Data to process:
"""
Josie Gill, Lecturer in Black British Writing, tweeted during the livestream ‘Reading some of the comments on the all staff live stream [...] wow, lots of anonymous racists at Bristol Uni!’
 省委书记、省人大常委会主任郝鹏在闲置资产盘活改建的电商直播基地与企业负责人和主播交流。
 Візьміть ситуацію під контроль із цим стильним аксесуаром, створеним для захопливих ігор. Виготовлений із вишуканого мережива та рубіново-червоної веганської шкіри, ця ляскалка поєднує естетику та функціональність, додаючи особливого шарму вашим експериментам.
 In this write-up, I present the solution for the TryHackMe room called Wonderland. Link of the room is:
"""
"""
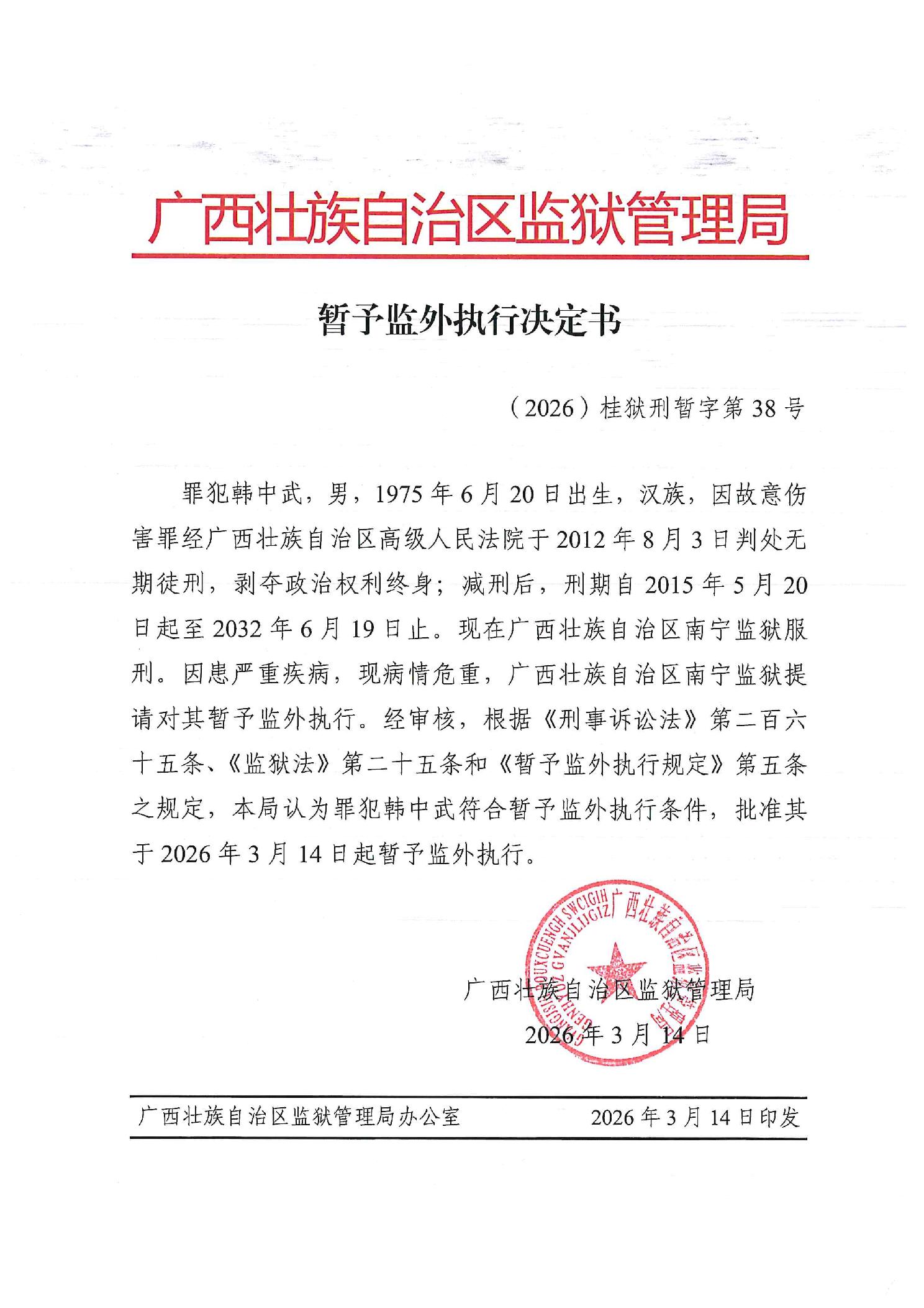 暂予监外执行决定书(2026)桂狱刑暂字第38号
"""
"""
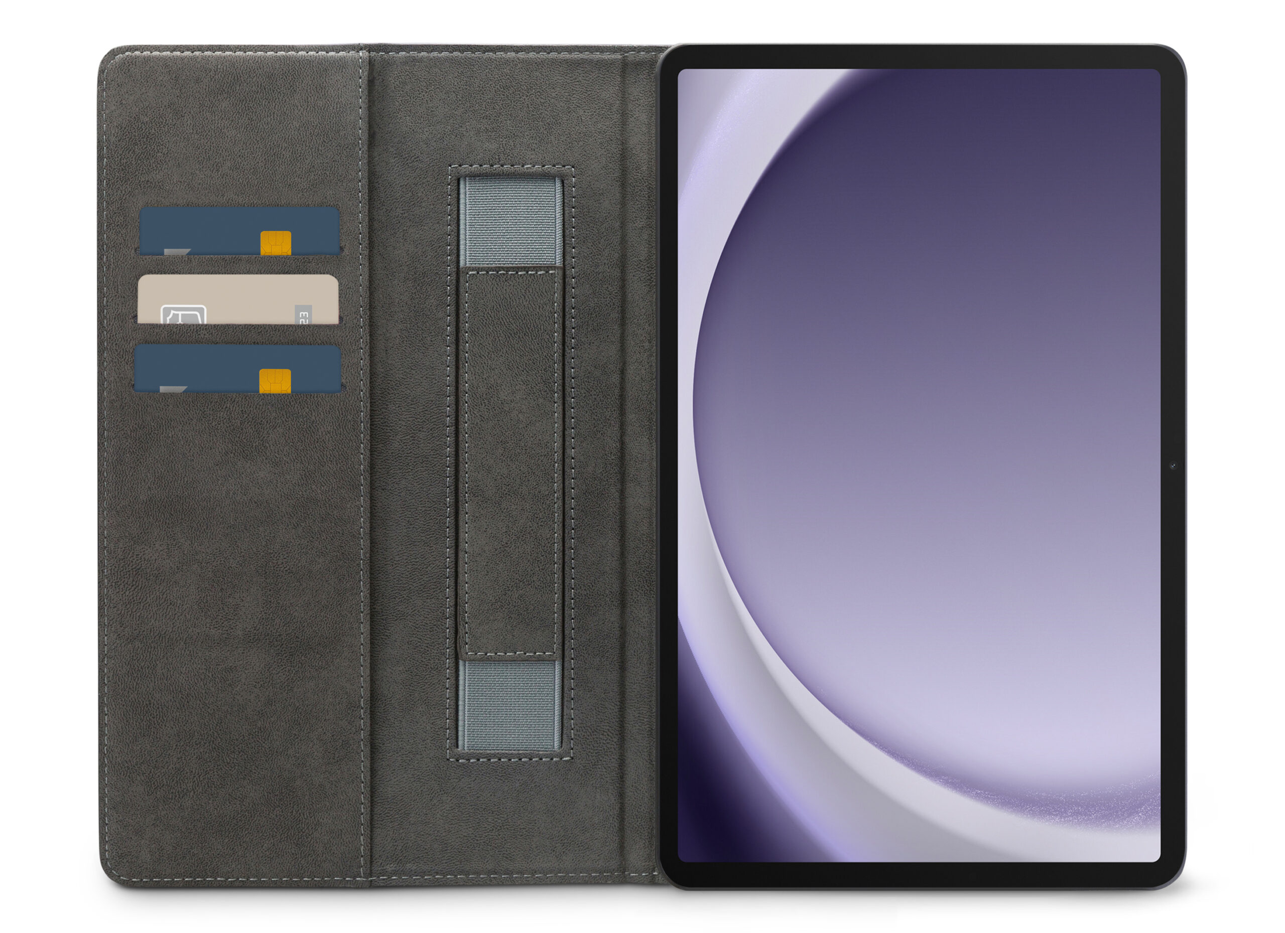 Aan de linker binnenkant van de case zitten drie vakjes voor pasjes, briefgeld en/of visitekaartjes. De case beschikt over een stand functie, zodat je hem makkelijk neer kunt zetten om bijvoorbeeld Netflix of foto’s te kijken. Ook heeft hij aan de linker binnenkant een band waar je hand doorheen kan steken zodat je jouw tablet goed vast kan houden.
"""
Task details:
Scan the records above for the lines holding "Візьміть ситуацію під" and "In this write-up, I". Transcribe those two and every line between them word for word, and no others.

Problem solution:
 Візьміть ситуацію під контроль із цим стильним аксесуаром, створеним для захопливих ігор. Виготовлений із вишуканого мережива та рубіново-червоної веганської шкіри, ця ляскалка поєднує естетику та функціональність, додаючи особливого шарму вашим експериментам.
 In this write-up, I present the solution for the TryHackMe room called Wonderland. Link of the room is:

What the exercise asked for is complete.